201 Alternatively, you can use any other off-the-shelf software that can encode
202 FR1 and write libgsm format; SoX shipped with Slackware includes the
203 necessary support.
204
205 2) fc-gsm2vm converts a .gsm recording into non-DTX TCS211 VM format.
206
207 At the present time we don't have any tools for producing external DTX-enabled
208 VM recordings: the main limitation is that at least to this Mother's knowledge,
209 the published source software community does not currently possess a GSM 06.10
210 encoding library that has been extended with VAD and DTX functions.

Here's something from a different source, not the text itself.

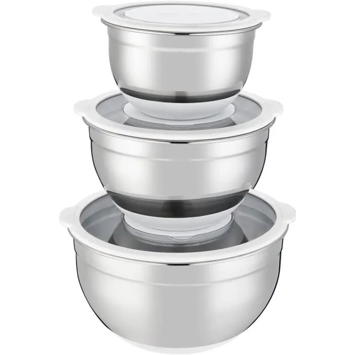 Ensemble de 3 saladiers en acier inoxydable avec fond en silicone antidérapant, graduation intérieure, couvercle avec hublot et ouverture d'acces. Idéal pour une utilisation quotidienne. Compatibles lave-vaisselle.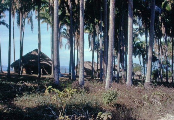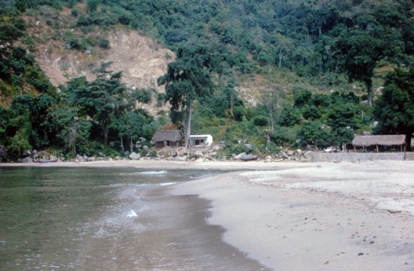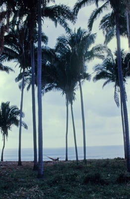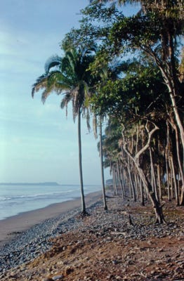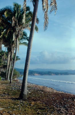 Leaving San Blas we drove south on the road to Santa Cruz, the road we took was a dirt road at the time (1969) and we entered a beautiful beach called Playa Los Cocos. It is bordered by a large coconut palm grove; the beach extends north to Playa Matanchen and Playa Las Islitas.

There is
211 classic libgsm from 1990s, used by everyone in the FOSS community who needs a
212 GSM 06.10 encoder or decoder, but it doesn't do DTX; we (FreeCalypso and
213 Themyscira Wireless) have produced our own libgsmfrp front-end that implements
214 Rx DTX handler functions (that's how we can properly decode FR1 streams that
215 contain SIDs and/or missing frames), but it doesn't help with DTX encoding.
216 Therefore, our ability to produce TCS211-compatible VM recordings externally is
217 currently limited to non-DTX mode.